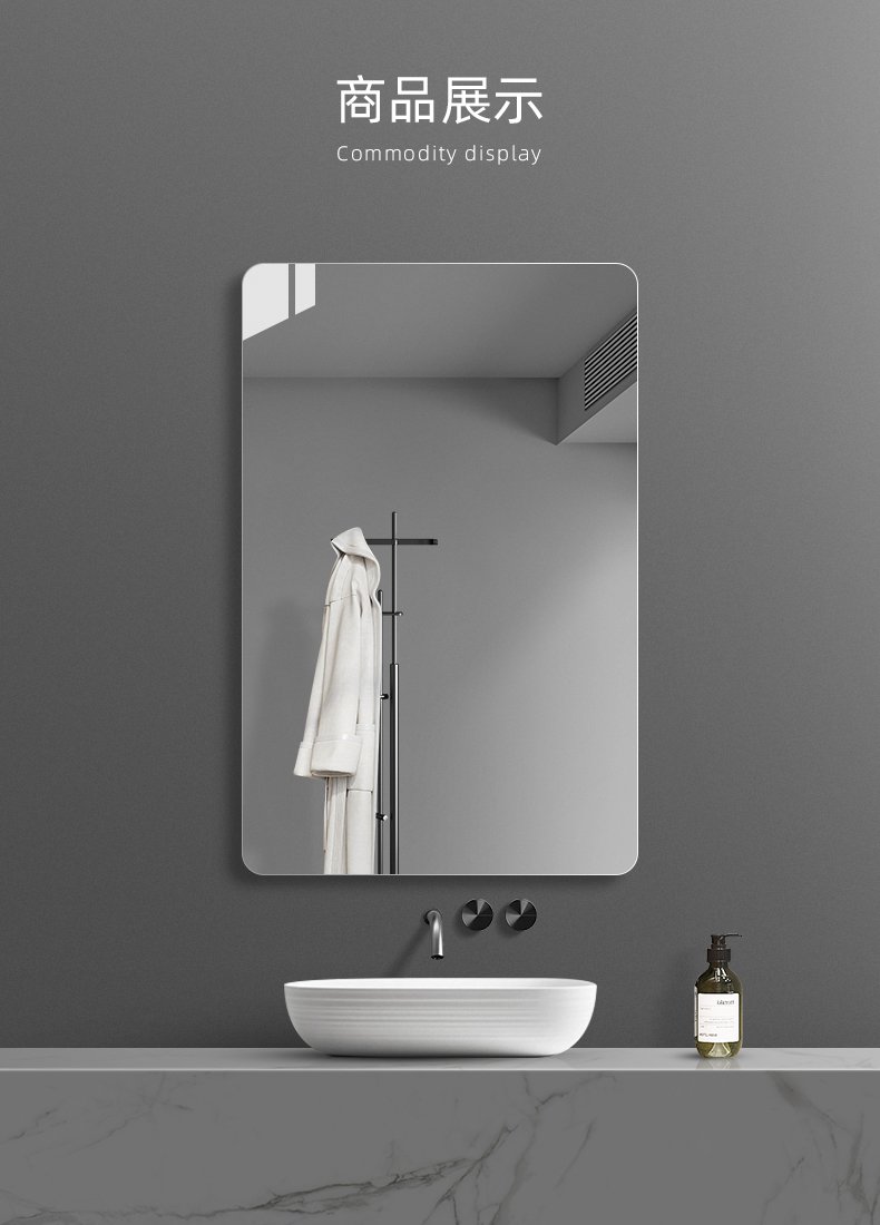 Horizontal bathroom mirror with rounded corners and no light - Image 5
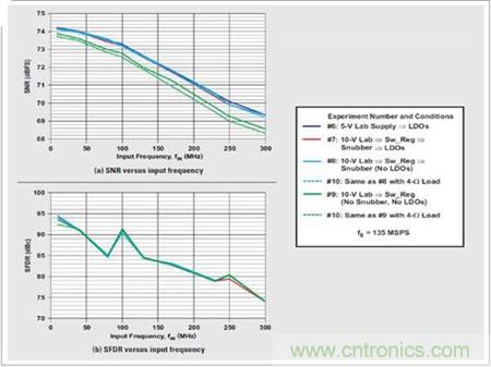 5 次實驗的結構變化配置如下: 實驗 1—一個 5-V 實驗室電源直接連接到 5-V 模擬輸入,同時繞過開關穩壓器(TPS5420) 和低噪聲 LDO (TPS79501)。使用一個板上 LDO(TI 的 TPS79633)生成 ADS5483 低敏感度 3.3-V 模擬及數字電源的 3.3-V 電壓軌。
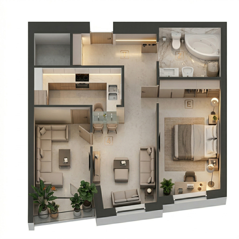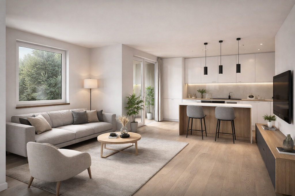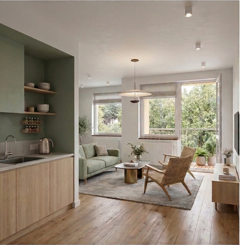 - Salon z aneksem kuchennym(27 m²): Twoje centrum dowodzenia z bezpośrednim wyjściem na słoneczny balkon.

Activity:
Reproduce the listing exactly. Leave its pictures out.

Exercise result:
 Horizontal bathroom mirror with rounded corners and no light - Image 5
 5 次實驗的結構變化配置如下: 實驗 1—一個 5-V 實驗室電源直接連接到 5-V 模擬輸入,同時繞過開關穩壓器(TPS5420) 和低噪聲 LDO (TPS79501)。使用一個板上 LDO(TI 的 TPS79633)生成 ADS5483 低敏感度 3.3-V 模擬及數字電源的 3.3-V 電壓軌。
 - Salon z aneksem kuchennym(27 m²): Twoje centrum dowodzenia z bezpośrednim wyjściem na słoneczny balkon.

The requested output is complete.